Rendering consists of taking the digital attributes of the model, the lighting and the camera and creating an image. Rendering is a complex process and requires much more computer power than the modeling stage. Before expending the time and money to render an entire shot, the computer artist may wish to render single key frames of an animation sequence to check that the simulated image is the desired one. The artist may also render wire frame or low-resolution approximations of the shot to get a feel of the look of the animation before fully rendering the scene.
Because the objects in the computer-generated scene are only simulations, they act quite differently from real-world objects that must obey the rules of physics. If not properly animated in three dimensions, computer objects may interpenetrate one another, destroying the illusion of solid, real objects. If not properly constructed, seams may show between supposedly seamless parts.
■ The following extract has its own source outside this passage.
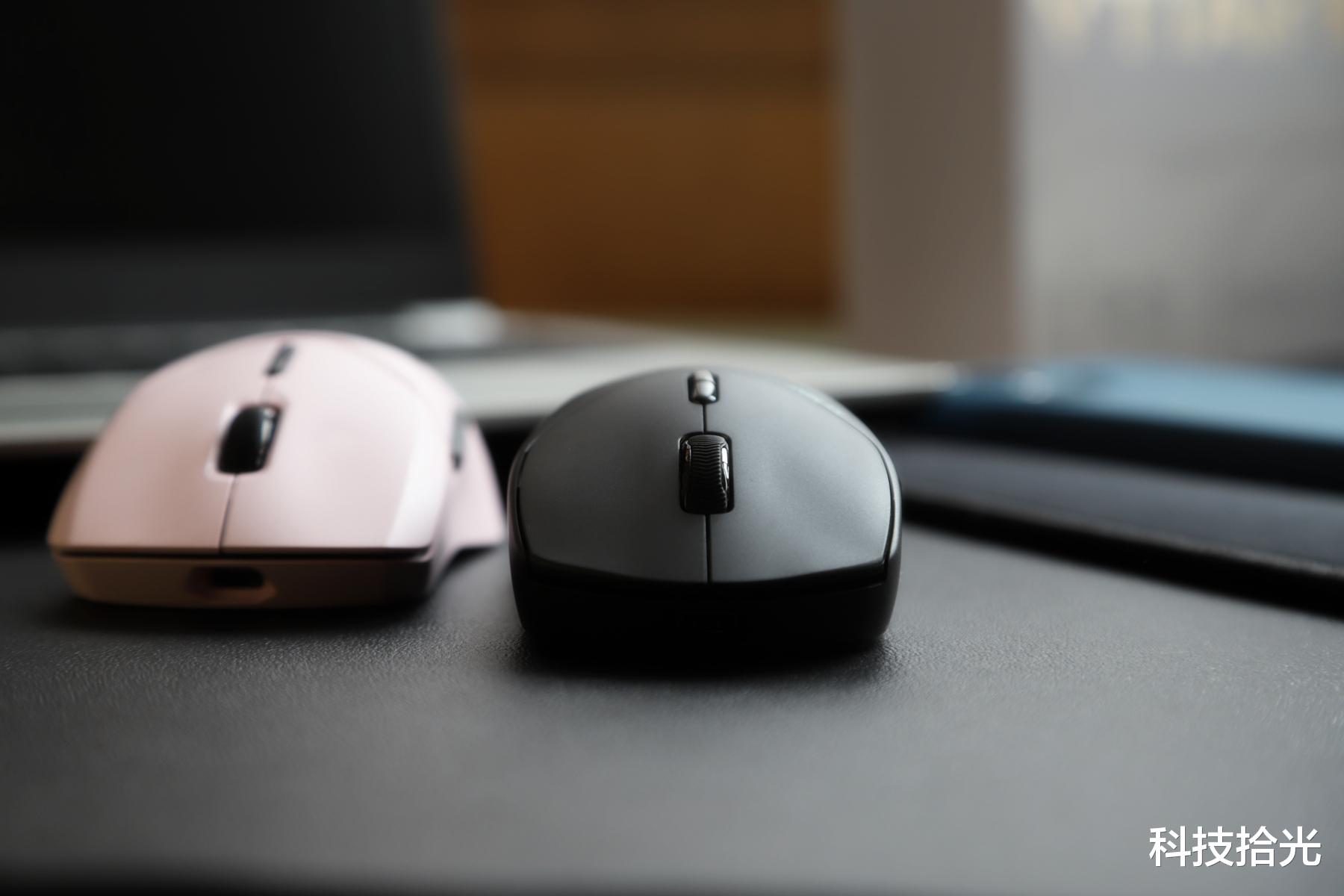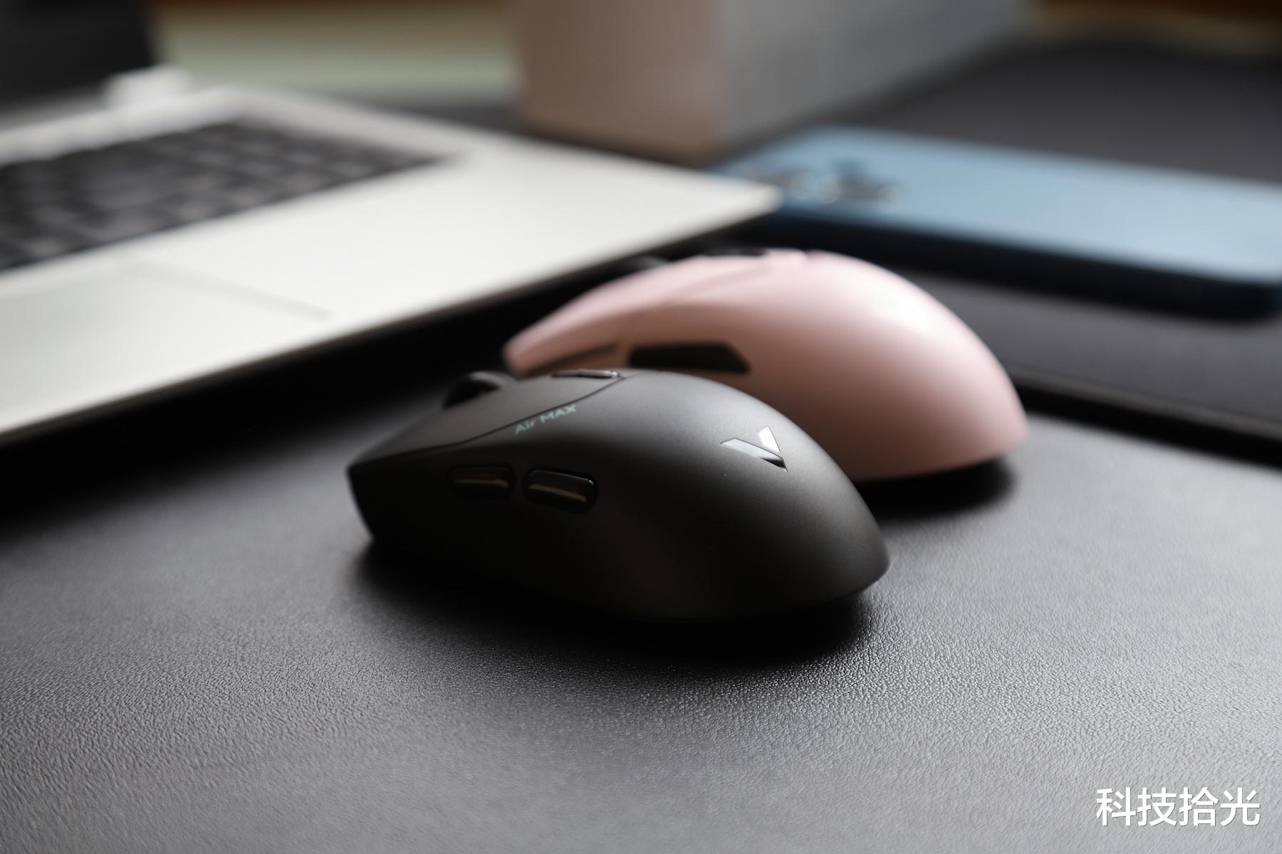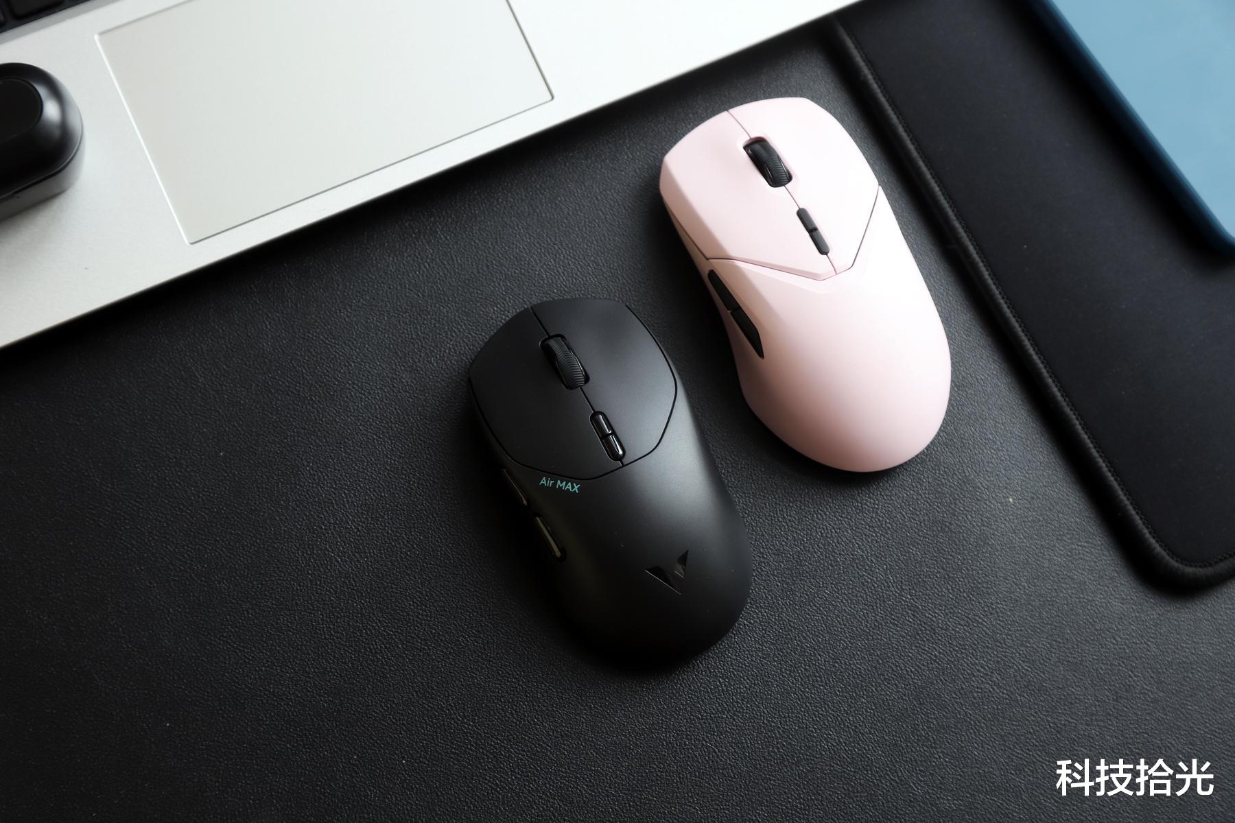 雷柏VT1Air MAX 中小手无线/有线双模游戏鼠标一共有2个配色,幽魂黑和无极白,白色款看起来会更加轻盈,黑色款质感更好,这个就各取所需了。(特别备注:粉色款鼠标是雷柏VT9Pro,也是我目前使用的主力型号,作为参考物,方便查看)

The artist may discover unwanted artifacts created by the size and shape of the pixels, the scan lines of the monitor, or errors in texture mapping or surface generation for the first time in the rendering process. The modeling and rendering cycle is often an iterative and interactive one, with the CGI designer returning to the modeling stage to correct problems that can only be detected after rendering.
Final rendered images can range from simple wireframe approximations of objects, to highly faceted objects, to realistic smooth shaded objects. The style in which an artist renders an image is often a factor of aesthetics tempered by the pragmatism of meeting a production deadline or budget constraints.
During the rendering process, the computer may also control a seamier to digitize film frames and to composite them with the computer-generated images.